DIRECTIONS: Give the records back exactly as written, but without the images.

RECORDS PROVIDED:
Segment Open

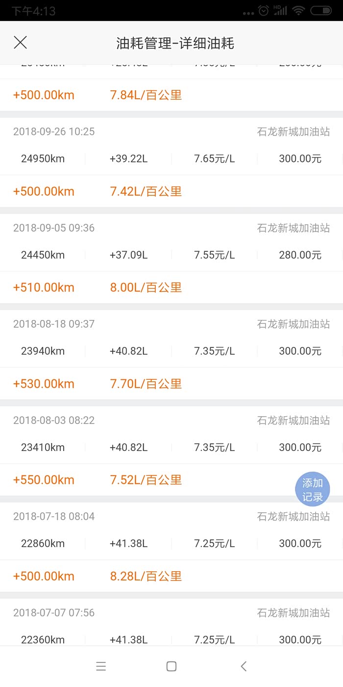 经常跑环城路的油耗记录
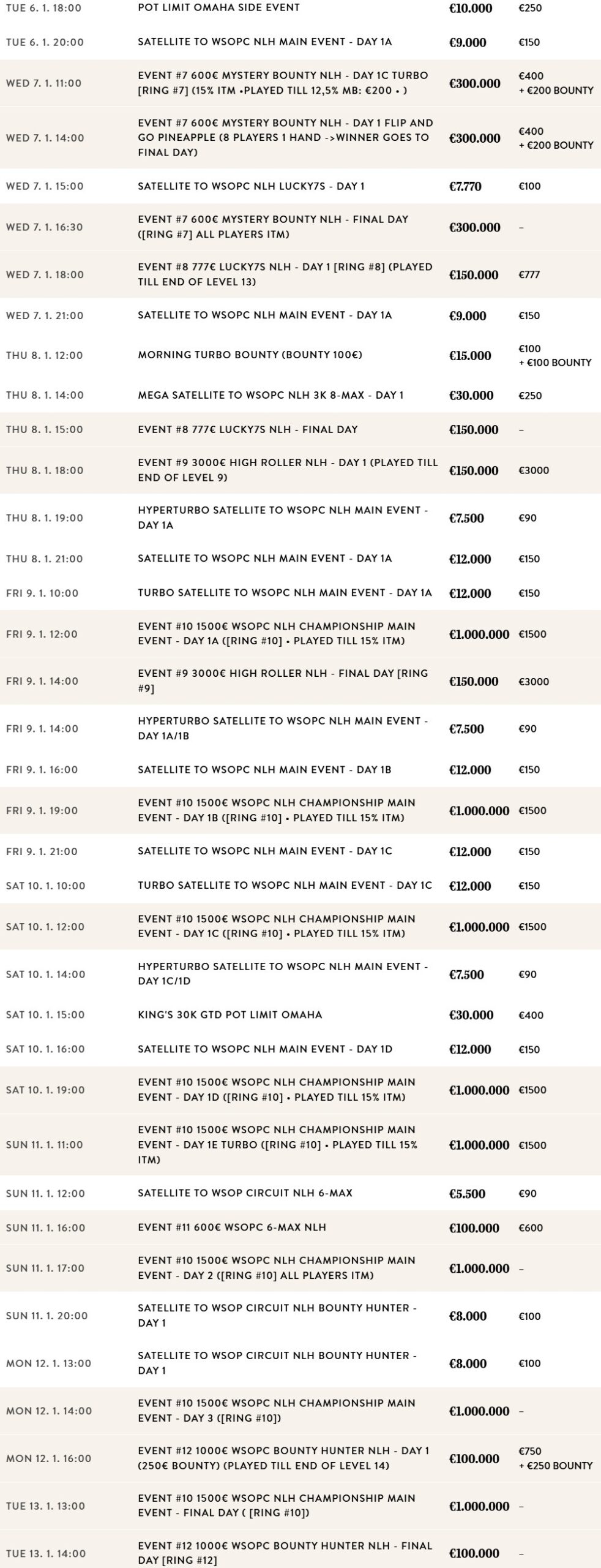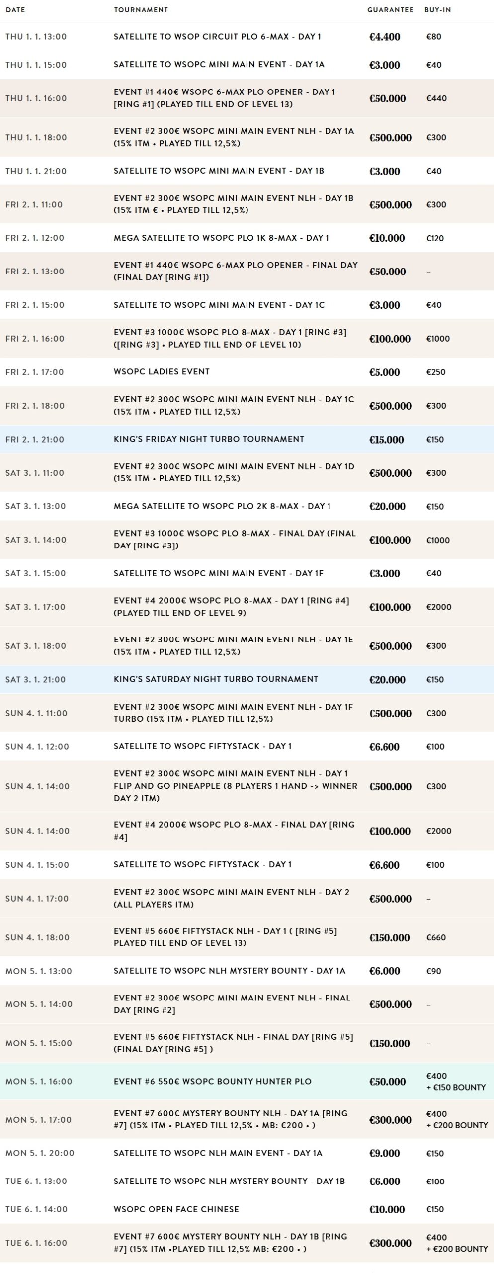 The WSOPC at King’s Casino features a comprehensive schedule packed with thrilling tournaments to keep you engaged throughout the event. Highlights include:
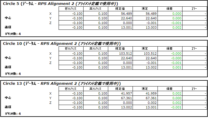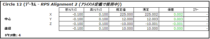 情報 タブ、レポート タブ、RPS アライメント定義 ダイアログには、測定値の標準偏差が表示されます。例:
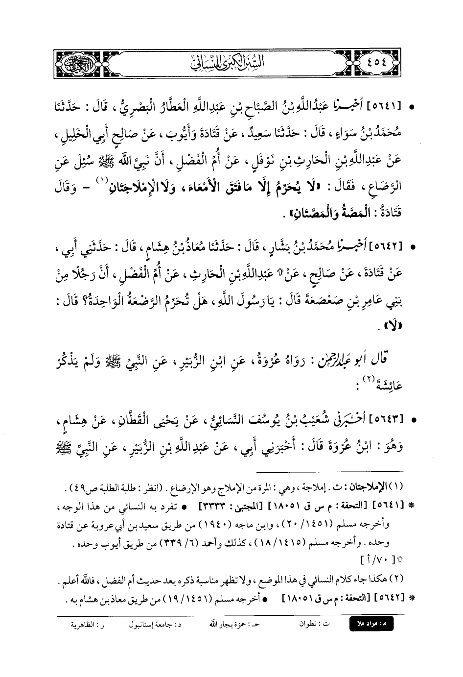 5643- أَخْبَرَنِي شُعَيْبُ بنُ يُوسُفَ النَّسَائِيُّ، عَن يَحْيَى القَطَّانِ، عَن هِشَامٍ، وَهُوَ ابْنُ عُرْوَةَ، قَالَ: أَخْبَرَنِي أَبي، عَن عَبدِ اللهِ بنِ الزُّبَيْرِ، عَنِ النَّبيِّ صَلى الله عَلَيهِ وسَلم قَالَ: لا تُحَرِّمُ المَصَّةُ، وَالمَصَّتَانِ.
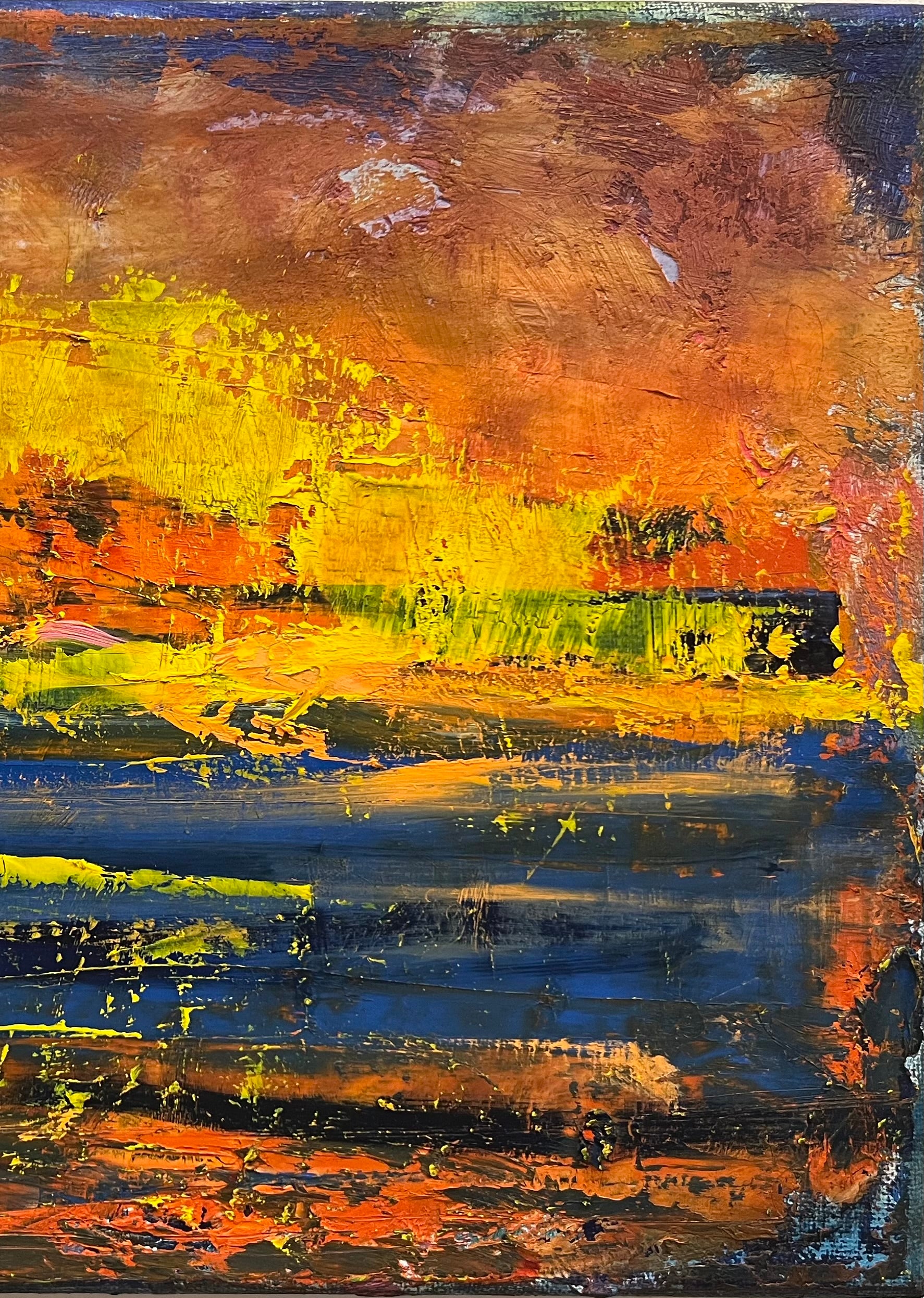 A luminous study in motion and light, Fiery Horizon captures the fleeting moment where sun and sea blur into one. Dominated by tones of orange, yellow, blue, and violet, this original oil painting by Guillo Perez III radiates both calm and energy — an exploration of how warmth and stillness coexist at day’s end.

Segment Closed

TASK OUTPUT:
 经常跑环城路的油耗记录
 The WSOPC at King’s Casino features a comprehensive schedule packed with thrilling tournaments to keep you engaged throughout the event. Highlights include:
 情報 タブ、レポート タブ、RPS アライメント定義 ダイアログには、測定値の標準偏差が表示されます。例:
 5643- أَخْبَرَنِي شُعَيْبُ بنُ يُوسُفَ النَّسَائِيُّ، عَن يَحْيَى القَطَّانِ، عَن هِشَامٍ، وَهُوَ ابْنُ عُرْوَةَ، قَالَ: أَخْبَرَنِي أَبي، عَن عَبدِ اللهِ بنِ الزُّبَيْرِ، عَنِ النَّبيِّ صَلى الله عَلَيهِ وسَلم قَالَ: لا تُحَرِّمُ المَصَّةُ، وَالمَصَّتَانِ.
 A luminous study in motion and light, Fiery Horizon captures the fleeting moment where sun and sea blur into one. Dominated by tones of orange, yellow, blue, and violet, this original oil painting by Guillo Perez III radiates both calm and energy — an exploration of how warmth and stillness coexist at day’s end.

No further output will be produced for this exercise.